(Directions for this task):
Reproduce, exactly, the lines of the material below from the line containing "Subject: Bird on" through the line containing "7月1日上午,慶祝中國共產黨成立100周年大會在北京天安門廣場隆重舉行。這是禮炮鳴響。(新華社記者 孟濤 攝)", with both end lines included and nothing else.

(Data extract):
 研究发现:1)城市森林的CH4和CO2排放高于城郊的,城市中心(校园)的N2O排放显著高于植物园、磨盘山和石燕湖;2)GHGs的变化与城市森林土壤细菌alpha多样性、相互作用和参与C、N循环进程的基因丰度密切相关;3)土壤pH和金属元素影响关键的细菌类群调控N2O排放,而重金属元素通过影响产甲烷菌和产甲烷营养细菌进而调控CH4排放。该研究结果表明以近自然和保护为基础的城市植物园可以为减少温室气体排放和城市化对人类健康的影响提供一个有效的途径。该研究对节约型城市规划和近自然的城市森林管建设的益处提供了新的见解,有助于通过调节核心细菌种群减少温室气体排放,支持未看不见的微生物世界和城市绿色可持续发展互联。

* * *

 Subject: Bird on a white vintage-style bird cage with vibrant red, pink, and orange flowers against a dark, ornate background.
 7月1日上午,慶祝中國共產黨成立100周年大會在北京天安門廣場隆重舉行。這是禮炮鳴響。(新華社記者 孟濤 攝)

(Completed task):
 Subject: Bird on a white vintage-style bird cage with vibrant red, pink, and orange flowers against a dark, ornate background.
 7月1日上午,慶祝中國共產黨成立100周年大會在北京天安門廣場隆重舉行。這是禮炮鳴響。(新華社記者 孟濤 攝)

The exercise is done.